Chemical & Polymer Testing Analysis Equipment
(partial list)ICP Spectroscopy
In ICP Spectroscopy, samples are acid digested and diluted in water and aspirated into a plasma torch. The emitted light is then measured and quantified relative to known standards. ICP is a very versatile spectroscopic technique, capable of analyzing a full spectrum of samples from water samples to dissolved alloys of steel, aluminum, brass, titanium and nickel based alloys. ICP Spectroscopy is used to accurately determine the chemical composition of ferrous and nonferrous alloys as well as a variety of other samples and extracts. Our lab currently uses a SpectroFlame M120E spectrometer. The standards used for analyses are traceable to NIST.
Glow Discharge Spectroscopy (GDS)
Within the GDS the spectrometer uniformly sputters a small amount of metal from the sample surface (typically 100-200micrometers) and draws this material into an anode where a powerful electric field excites the atoms and they emit light at characteristic wavelengths. The emmitted light passes through a grating where it is dispersed and directed to a bank of photomultiplier tubes in the back of the instrument where the light is quantified.
Unlike spark spectroscopy, the surface material is not preferentially attacked which means that carbides, oxide inclusions, and sulfur and lead inclusions are uniformly removed and analyzed along with the solid solution matrix.

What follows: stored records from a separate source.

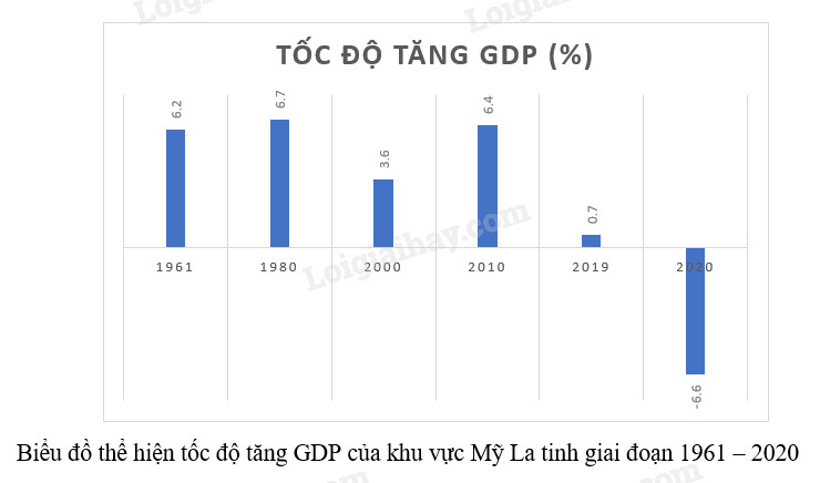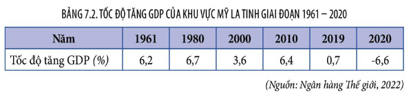 Dựa vào bằng 7.2, vẽ biểu đồ thể hiện tốc độ tăng GDP của khu vực Mỹ La-tinh giai đoạn 1961 – 2020. Nêu nhận xét.
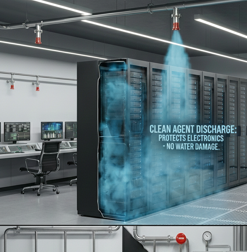Clean agent systems (FM-200, NOVEC 1230, CO2, Inergen) for server rooms, control rooms, and sensitive areas type classification as per IS 2190 and NFPA 10.
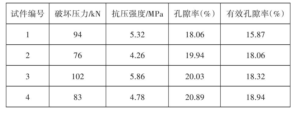 同時,水灰比W/C指標需要按照集料級配設計結果具體確定,并基于工程實際情況通過室內試驗進行優(yōu)化。本項目集料選用花崗巖,采用室內試驗進行分析,以水灰比W/C=0.4的標準制作4組試件,并分別開展試驗,所得結果如表2所示。
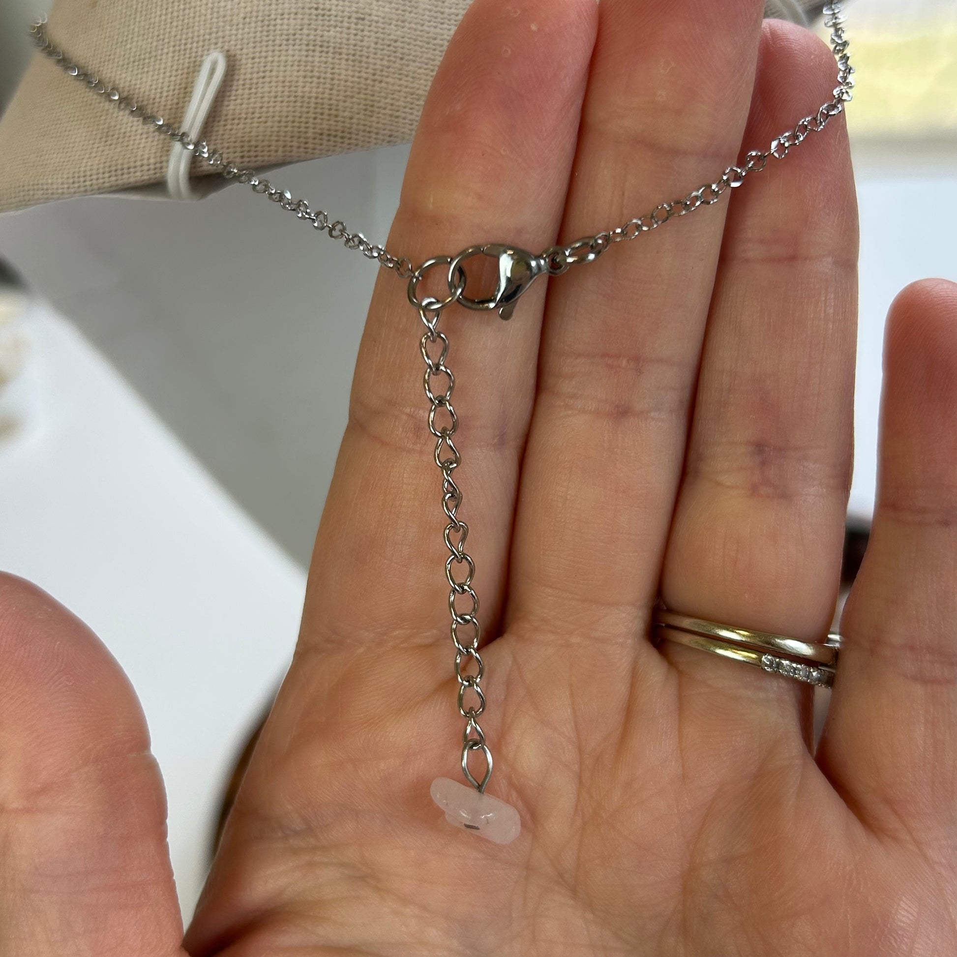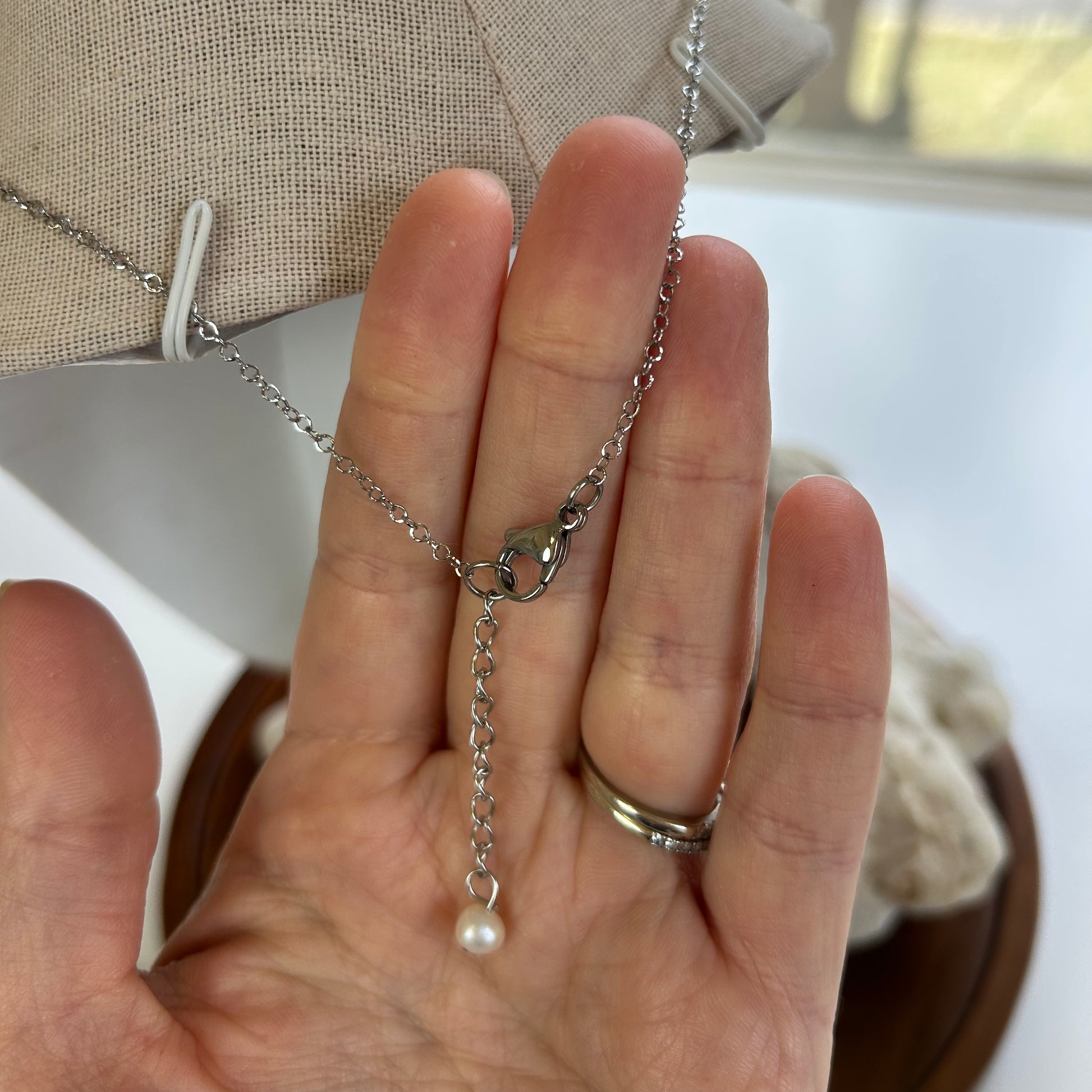 Handmade in Hawaii, simple charm pendant necklaces! Featuring silver toned stainless steel elements (durable and tarnish resistant) circle bobblw link chains with longer claw clasps and extender. With natural pearl or stone accents!

To analyze a sample using this instrument it must have a SMOOTH, FLAT surface at least one-half inch across. NIST traceable check standards, or secondary standards where NIST standards are not available, are used for calibration and drift correction for each alloy method
Carbon/Sulfur Analysis
Due to difficulties in getting carbon and sulfur into solution, these elements are not readily measured by ICP Spectroscopy and an alternative technique is needed. The LECO CS-300 combustion analyzer is used for the measurement of carbon and sulfur in metals, ores, ceramic and other inorganic materials. The sample is combusted in a stream of purified oxygen which produces CO2 and SO2 from the carbon and sulfur, respectively. These species are then detected and quantified by infrared detection. The instrument is capable of detecting carbon and sulfur down to approximately 0.005% by weight in a metal sample. Standards are run with each sample which have a carbon and sulfur content as close to the sample as possible.

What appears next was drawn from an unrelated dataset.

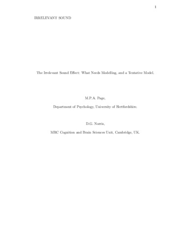 The irrelevant sound effect: What needs modelling and a tentative model.

FTIR/Micro-FTIR Spectroscopy
or: Fourier Transform Infared Spectroscopy
FTIR is a spectroscopic technique in which infrared light is passed through a sample, which has the characteristic absorption frequencies in the infrared region. This produces an infrared spectrum which looks like a series of peaks and valleys on an X-Y graph. This spectrum is unique for a given organic material and can be thought of as the material's chemical fingerprint. This technique is useful both for routine material verification/identification of polymers and identification of trace contaminates via the FTIR microscope. Micro-FTIR spectroscopy is performed on a Bio-Rad UMA-250 microscope, which is capable of obtaining spectra of objects down to about 25 microns in size. Micro-FTIR is widely used for identification of trace contaminates on manufactured items.

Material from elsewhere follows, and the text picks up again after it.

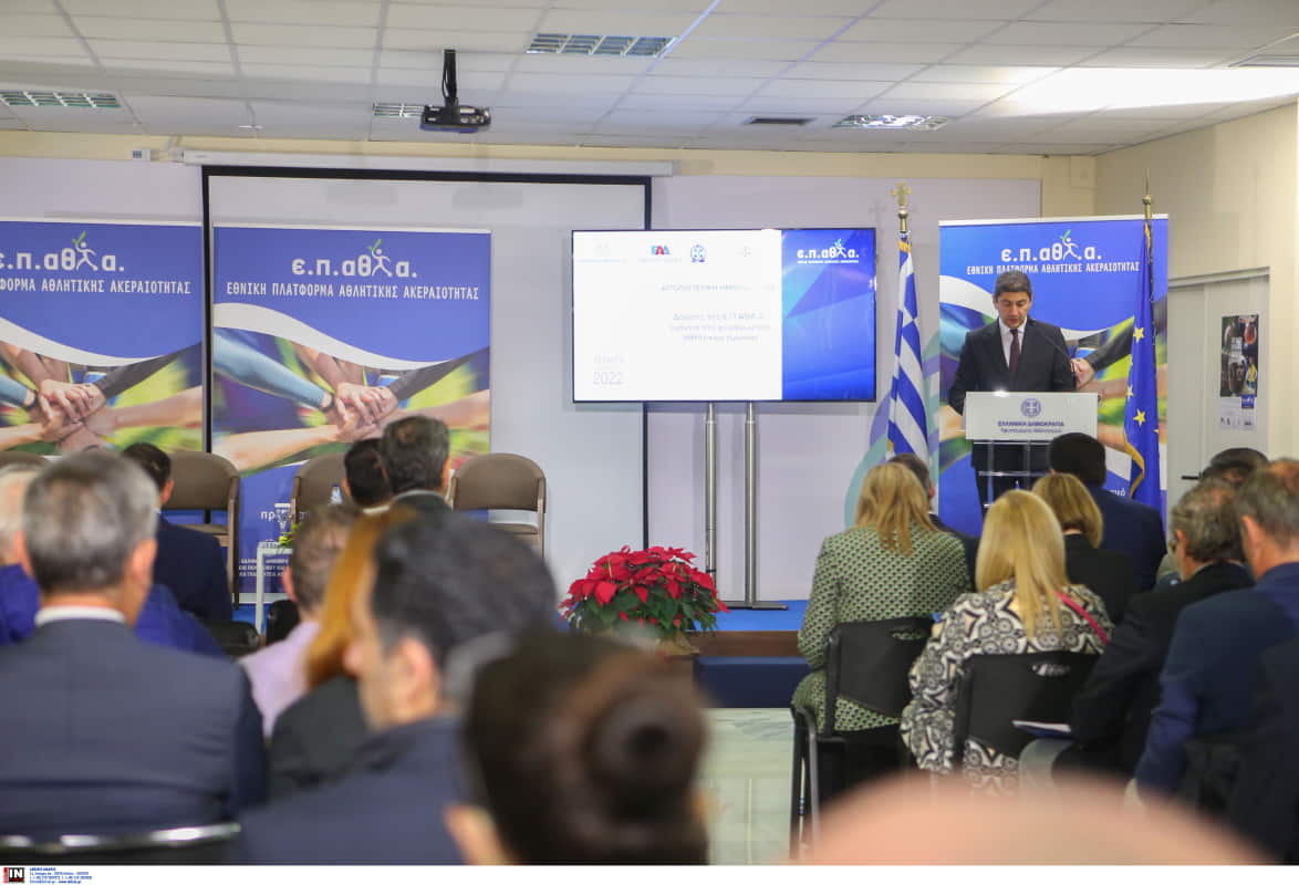 Ο απολογισμός των δράσεων της Εθνικής Πλατφόρμας Αθλητικής Ακεραιότητας (Ε.Π.ΑΘΛ.Α.) για το 2022, οι στοχεύσεις της με ακόμα περισσότερα «εργαλεία» και πρωτοβουλίες για το 2023, καθώς και ο κομβικός ρόλος του αθλητικού κινήματος στον αγώνα ενάντια στη χειραγώγηση των αγώνων, παρουσιάστηκε σε εκδήλωση που διοργάνωσε στο ΟΑΚΑ το Υφυπουργείο Αθλητισμού, με τη συμμετοχή σημαντικών παραγόντων του αθλητικού χώρου και εκπροσώπων φορέων που εμπλέκονται στη μεγάλη αυτή προσπάθεια.

Gas Chromatography-Mass Spectroscopy
Gas chromatography is a technique for the separation and detection of complex mixtures of organic compounds. The separation is accomplished by means of a thin capillary column through which the sample passes in a temperature controlled oven. Ramping of oven temperature causes separation of components based on differences in volatility whereas separation based on chemical properties (i.e. polarity, acidity, etc.) is accomplished by coating the walls of the capillary column with a specific stationary phase, for which different compounds have different affinity. Compounds emerge from the capillary column as discrete bands of purified materials. Detection is accomplished with a mass spectrometer. As the separated compounds enter the mass spectrometer, they are hit by a stream of electrons, causing them to shatter into many smaller fragments which are all detected by the mass spectrometer. Unique "fingerprinting" of each compound is thus accomplished because the fragmentation pattern of each molecule is reproducible and a characteristic of the molecule. Our lab currently uses a HP 5890 Series II GC with a HP 5970 MS detector.
Scanning Electron Microscopy SEM/EDS
Scanning electron microscopy allows detailed surface analysis as well as high magnification viewing of very small features. The energy dispersive spectroscopy (EDS) feature allows the additional advantage of being able to obtain the elemental composition of small objects or surfaces. Also of particular use is when this technique is used in conjunction with Micro-FTIR for the characterization of trace contaminants and unknowns.